Census 2022 data published this week showing increased car use and reduced public transport use highlight the issue in an economy experiencing sustained growth, with unemployment reaching an all-time record low of 3.8 per cent. The number of people who drove to work increased by 4 per cent to 1.2 million between 2016 and 2022, while there were 4 per cent fewer people commuting to work by train, Luas or Dart.
The combined CSO data shows the Government is struggling to manage emissions reductions with economic growth which is set to continue over the coming decade, on top of having the fastest growing economy in Europe for the past 10 years.
The CSO’s 2020 figures confirm 39 per cent of electricity was generated from renewables, while 20 per cent of houses used electricity for heating – accounting for 46 per cent of the sector’s emissions.
“The roadmap is clear for decarbonising households” in line with Government targets, by reducing fossil fuel use in heating while scaling up renewable electricity, said CSO statistician Clare O’Hara. But the likely trajectory for agriculture is less clear – notwithstanding some progress, she added.
UCC clean energy analyst Dr Paul Deane said: “In Ireland our energy use and associated emissions are not as closely tied to the economy than other countries. Our economy is more based on services than on manufacturing, and the services sector tends to have a lower energy use per unit of value added, and can increase the value of outputs without significantly increasing energy use or emissions.
“The exception here is transport, which was and still is strongly linked to economic activity.
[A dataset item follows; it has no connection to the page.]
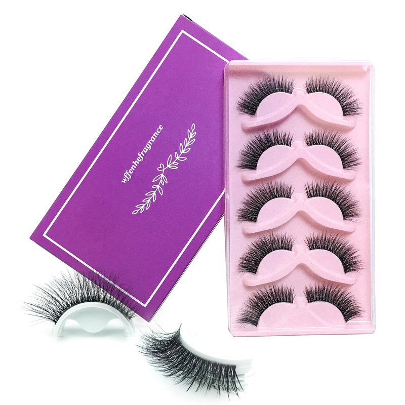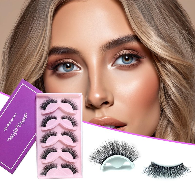 Wffenhefragrance Artificial Mink Eyelashes - Fluffy Wispy Lashes 5 Pairs|Natural Look False Eyelashes Extensions|Contact Lens Friendly|Easy to Apply|Reusable Strip Lashes|Perfect for Daily Wear, Special Occasions|Suitable for Makeup Enthusiasts|9-15-16mm
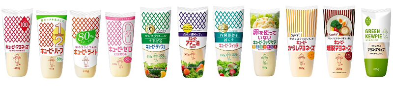 キユーピー マヨネーズ(200g以上)、キユーピーハーフ、キユーピーライト、キユーピーゼロ ノンコレステロール、キユーピー ディフェ、キユーピー アマニ油マヨネーズ、キユーピー フィッテ、キユーピー エッグケア(卵不使用)、キユーピー からしマヨネーズ、キユーピー 燻製マヨネーズ、GREEN KEWPIE 植物生まれのマヨネーズタイプ ![]() |

The more active the economy is the more active we are in moving around in our cars, and we have yet to successfully decouple this emission trend from economic activity.”
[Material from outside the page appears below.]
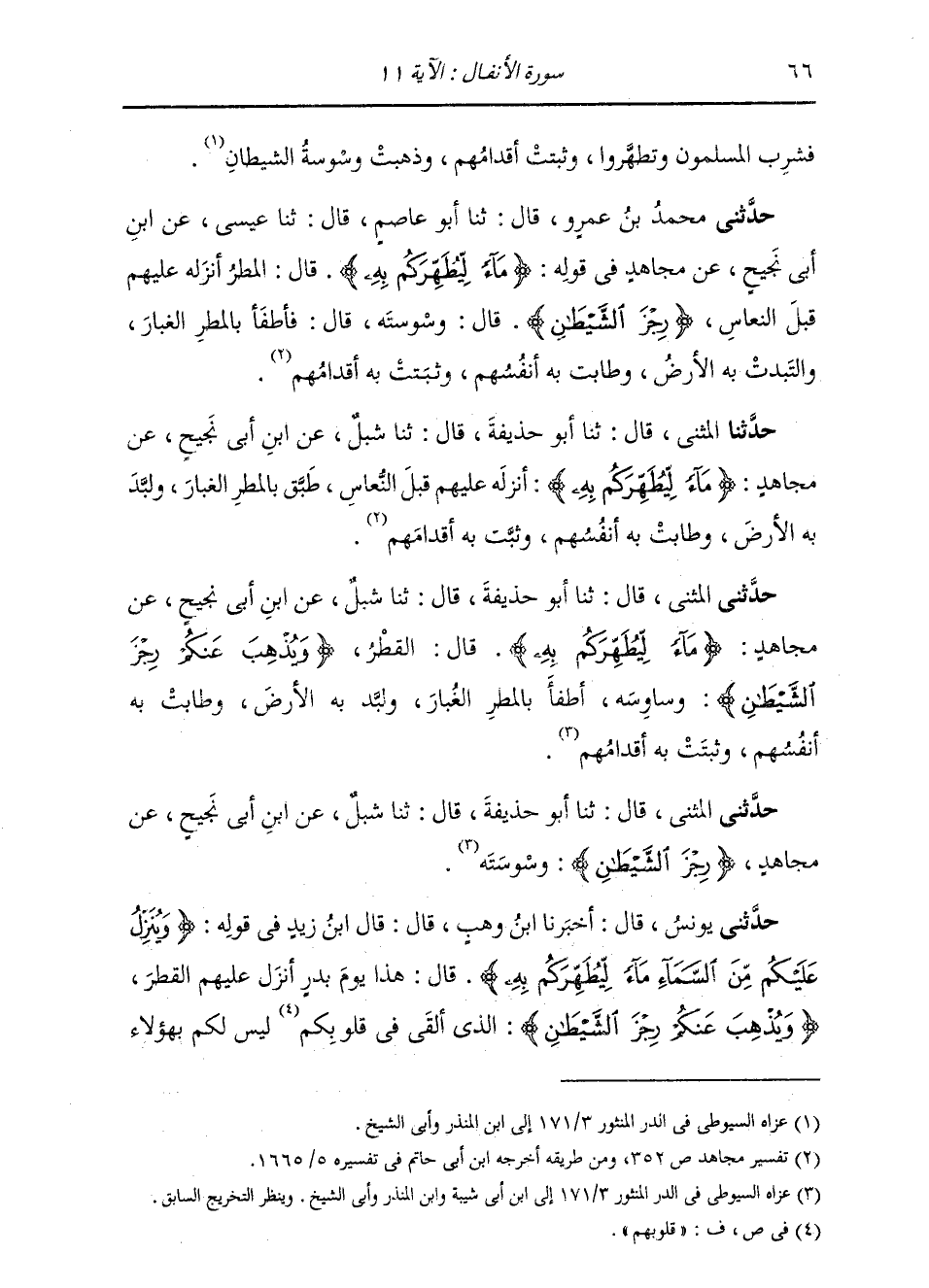 حَدَّثَنِي الْمُثَنَّى قَالَ: ثنا أَبُو حُذَيْفَةَ قَالَ: ثنا شِبْلٌ، عَنِ ابْنِ أَبِي نَجِيحٍ، عَنْ مُجَاهِدٍ: " {§مَاءً لِيُطَهِّرَكُمْ بِهِ} [الأنفال: 11] قَالَ: الْقَطْرُ {وَيُذْهِبَ عَنْكُمْ رِجْزَ الشَّيْطَانِ} [الأنفال: 11] وَسَاوِسَهُ. أَطْفَأَ بِالْمَطَرِ الْغُبَارَ، وَلَبَّدَ بِهِ الْأَرْضَ، وَطَابَتْ بِهِ أَنْفُسُهُمْ، وَثَبَتَتْ بِهِ أَقْدَامُهُمْ "
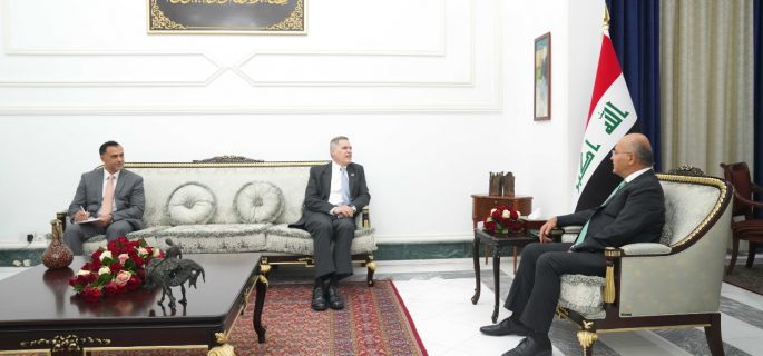 بحث رئيس الجمهورية برهم صالح، مع السفير الأمريكي لدى العراق ماثيو تولر عدة ملفات بينها مكافحة الفساد والارهاب.

Dr Deane said he would add a note of caution on CSO 2020 figures “as in 2021 economic growth, energy use and related emissions all grew, after falling in 2020 due to the impacts of the Covid-19 pandemic”.
Dr O’Hara said the data shows the influence of Covid on household emissions primarily due to increased heating in homes and reduced transport emissions, “but it had less of an impact than anticipated”.
A spokesperson for Minister for the Environment Eamon Ryan said the CSO figures “largely pre-date” the programme for government which is underpinned by a commitment to addressing climate and reducing emissions.
“Since then we’ve enacted the Climate Action and Low Carbon Development Act, we’ve had two climate action plans and we’ve set sectoral targets for our high-impact sectors. This is being translated into action every day – a retrofitting programme that is meeting all targets, one new rural bus route a week – local link passenger numbers are up 82 per cent since last year, for example – unprecedented funding for active travel, solar and wind development at scale, micro-generation, nearly zero-emission building standards to name just some of the actions happening.”
The spokesperson added that the EPA emissions projections to 2030, due to be published soon, would give a “more accurate sense of where we at in 2023”.